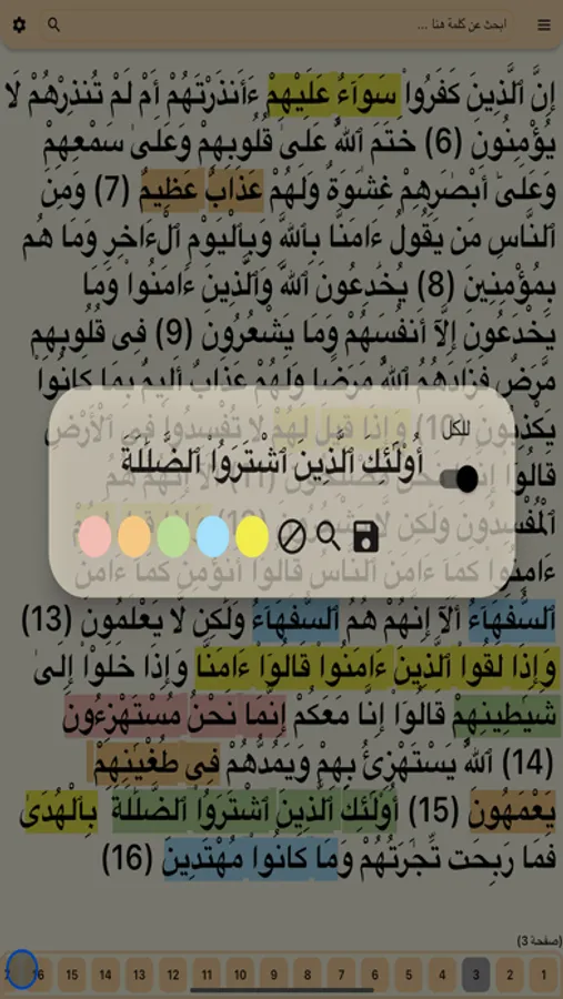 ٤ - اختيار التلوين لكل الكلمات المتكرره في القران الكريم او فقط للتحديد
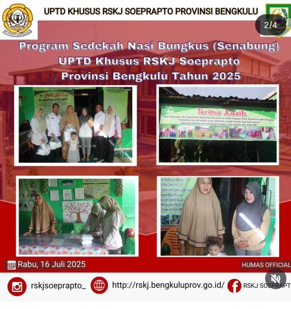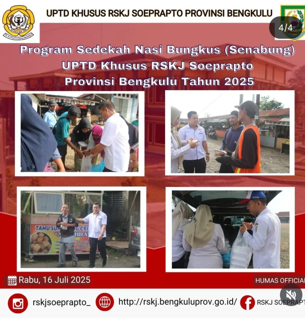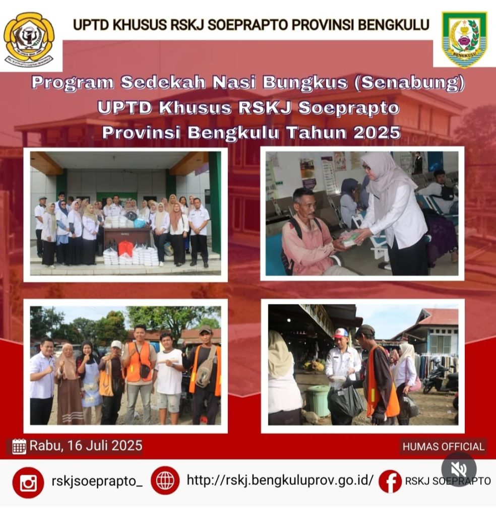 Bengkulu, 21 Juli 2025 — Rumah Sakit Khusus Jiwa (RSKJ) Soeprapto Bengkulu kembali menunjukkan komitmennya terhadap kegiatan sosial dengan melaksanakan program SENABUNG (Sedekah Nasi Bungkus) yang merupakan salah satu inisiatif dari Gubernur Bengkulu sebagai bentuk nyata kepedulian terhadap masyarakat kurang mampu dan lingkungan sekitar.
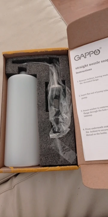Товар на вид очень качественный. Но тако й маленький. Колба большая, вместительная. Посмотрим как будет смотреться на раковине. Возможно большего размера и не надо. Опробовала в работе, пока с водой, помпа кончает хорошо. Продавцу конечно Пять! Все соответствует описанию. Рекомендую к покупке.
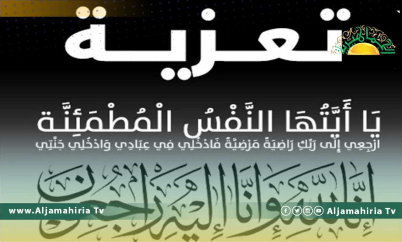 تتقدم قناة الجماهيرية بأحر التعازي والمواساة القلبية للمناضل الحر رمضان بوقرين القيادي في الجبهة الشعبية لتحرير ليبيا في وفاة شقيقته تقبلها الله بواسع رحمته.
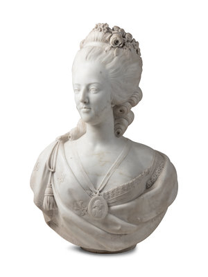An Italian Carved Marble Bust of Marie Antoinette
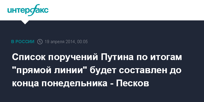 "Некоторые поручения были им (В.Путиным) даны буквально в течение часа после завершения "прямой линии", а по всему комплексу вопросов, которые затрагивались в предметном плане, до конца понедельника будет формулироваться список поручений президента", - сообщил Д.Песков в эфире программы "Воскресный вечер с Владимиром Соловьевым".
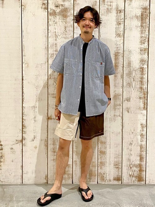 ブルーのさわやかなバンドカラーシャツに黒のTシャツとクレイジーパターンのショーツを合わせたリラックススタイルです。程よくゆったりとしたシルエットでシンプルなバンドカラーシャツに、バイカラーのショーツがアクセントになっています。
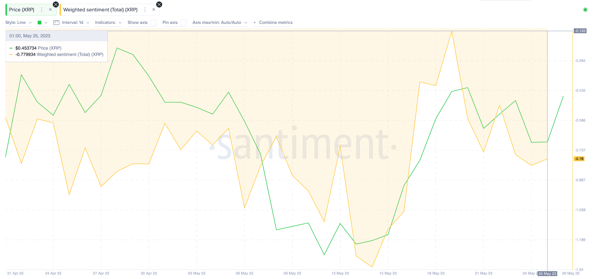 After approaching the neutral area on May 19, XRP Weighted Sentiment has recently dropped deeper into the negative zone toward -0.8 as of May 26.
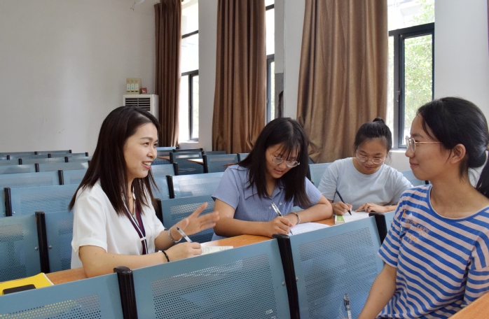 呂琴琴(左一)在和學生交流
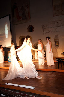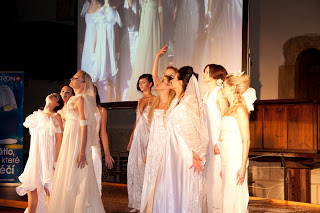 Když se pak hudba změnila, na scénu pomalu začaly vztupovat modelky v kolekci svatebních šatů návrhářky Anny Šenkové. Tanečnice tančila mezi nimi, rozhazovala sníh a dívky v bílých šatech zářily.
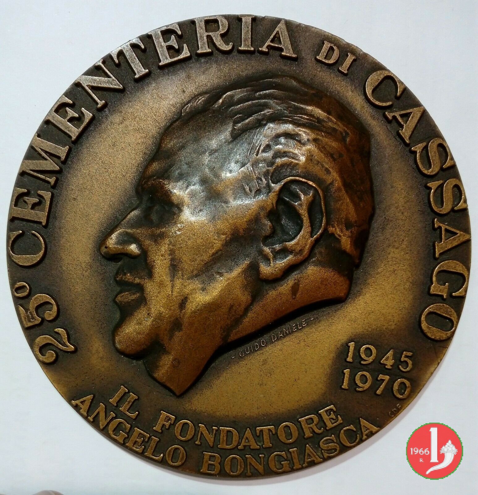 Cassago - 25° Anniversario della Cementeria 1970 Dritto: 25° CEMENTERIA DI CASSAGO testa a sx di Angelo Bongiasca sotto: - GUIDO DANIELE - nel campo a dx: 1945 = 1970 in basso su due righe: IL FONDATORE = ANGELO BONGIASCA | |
==
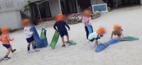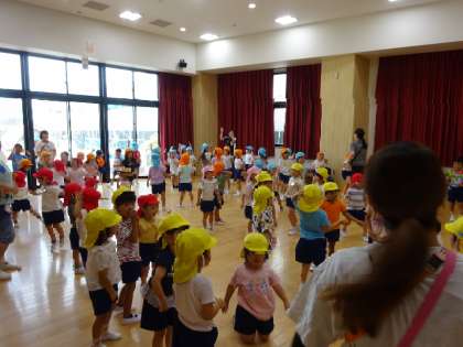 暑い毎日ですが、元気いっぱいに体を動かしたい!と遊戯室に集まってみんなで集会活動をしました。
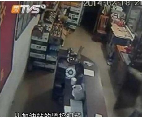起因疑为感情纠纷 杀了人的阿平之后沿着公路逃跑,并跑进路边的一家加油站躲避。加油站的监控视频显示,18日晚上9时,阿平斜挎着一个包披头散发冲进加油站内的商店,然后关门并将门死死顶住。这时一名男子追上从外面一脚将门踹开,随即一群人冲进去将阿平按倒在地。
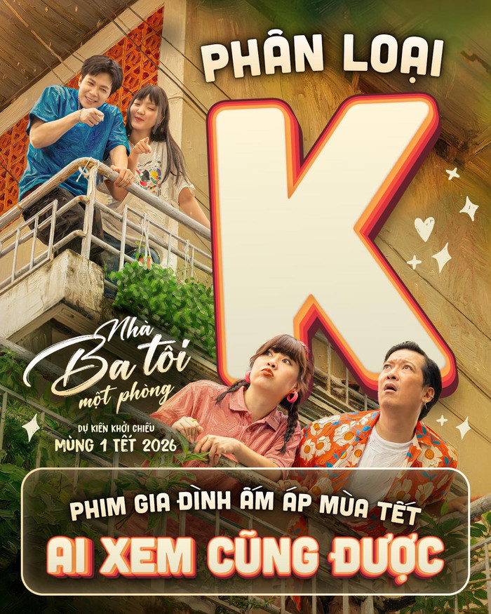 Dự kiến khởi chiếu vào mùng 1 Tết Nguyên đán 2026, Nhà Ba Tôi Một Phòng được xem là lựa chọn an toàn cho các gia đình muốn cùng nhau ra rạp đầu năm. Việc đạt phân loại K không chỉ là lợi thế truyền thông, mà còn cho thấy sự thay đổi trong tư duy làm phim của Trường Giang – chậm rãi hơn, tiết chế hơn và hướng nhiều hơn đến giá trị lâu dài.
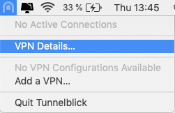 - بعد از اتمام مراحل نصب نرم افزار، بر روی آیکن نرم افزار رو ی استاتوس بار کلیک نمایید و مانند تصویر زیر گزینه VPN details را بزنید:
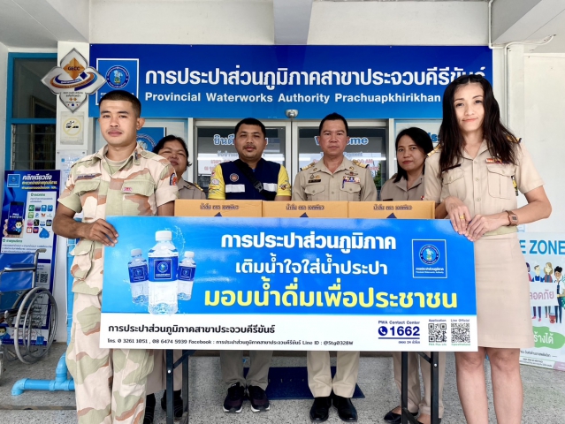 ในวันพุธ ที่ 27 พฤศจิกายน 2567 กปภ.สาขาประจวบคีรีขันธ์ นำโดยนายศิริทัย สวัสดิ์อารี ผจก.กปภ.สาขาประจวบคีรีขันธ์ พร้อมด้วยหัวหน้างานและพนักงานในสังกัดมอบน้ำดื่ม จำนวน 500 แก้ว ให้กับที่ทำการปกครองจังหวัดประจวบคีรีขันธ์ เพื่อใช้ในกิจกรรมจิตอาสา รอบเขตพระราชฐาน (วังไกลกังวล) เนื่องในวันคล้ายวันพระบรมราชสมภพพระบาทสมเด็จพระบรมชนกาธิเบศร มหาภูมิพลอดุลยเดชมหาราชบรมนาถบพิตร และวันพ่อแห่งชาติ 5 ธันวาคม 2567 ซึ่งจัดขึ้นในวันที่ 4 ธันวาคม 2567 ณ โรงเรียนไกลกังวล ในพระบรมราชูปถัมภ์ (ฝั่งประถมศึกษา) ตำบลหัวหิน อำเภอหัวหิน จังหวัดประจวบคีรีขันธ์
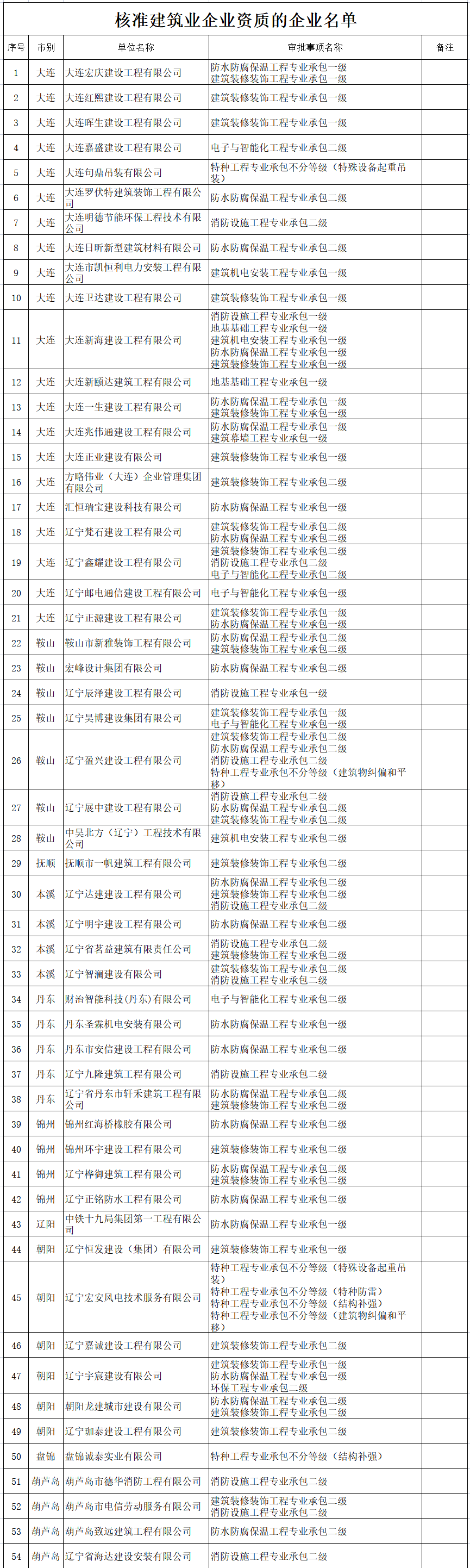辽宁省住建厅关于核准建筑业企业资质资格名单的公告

Task details | In the entries above, find the line with "٤ - اختيار التلوين" and the line with "ブルーのさわやかなバンドカラ". Write out exactly those two lines and every line between them, pictures excluded.

Your solution |
 ٤ - اختيار التلوين لكل الكلمات المتكرره في القران الكريم او فقط للتحديد
 Bengkulu, 21 Juli 2025 — Rumah Sakit Khusus Jiwa (RSKJ) Soeprapto Bengkulu kembali menunjukkan komitmennya terhadap kegiatan sosial dengan melaksanakan program SENABUNG (Sedekah Nasi Bungkus) yang merupakan salah satu inisiatif dari Gubernur Bengkulu sebagai bentuk nyata kepedulian terhadap masyarakat kurang mampu dan lingkungan sekitar.
Товар на вид очень качественный. Но тако й маленький. Колба большая, вместительная. Посмотрим как будет смотреться на раковине. Возможно большего размера и не надо. Опробовала в работе, пока с водой, помпа кончает хорошо. Продавцу конечно Пять! Все соответствует описанию. Рекомендую к покупке.
 تتقدم قناة الجماهيرية بأحر التعازي والمواساة القلبية للمناضل الحر رمضان بوقرين القيادي في الجبهة الشعبية لتحرير ليبيا في وفاة شقيقته تقبلها الله بواسع رحمته.
An Italian Carved Marble Bust of Marie Antoinette
 "Некоторые поручения были им (В.Путиным) даны буквально в течение часа после завершения "прямой линии", а по всему комплексу вопросов, которые затрагивались в предметном плане, до конца понедельника будет формулироваться список поручений президента", - сообщил Д.Песков в эфире программы "Воскресный вечер с Владимиром Соловьевым".
 ブルーのさわやかなバンドカラーシャツに黒のTシャツとクレイジーパターンのショーツを合わせたリラックススタイルです。程よくゆったりとしたシルエットでシンプルなバンドカラーシャツに、バイカラーのショーツがアクセントになっています。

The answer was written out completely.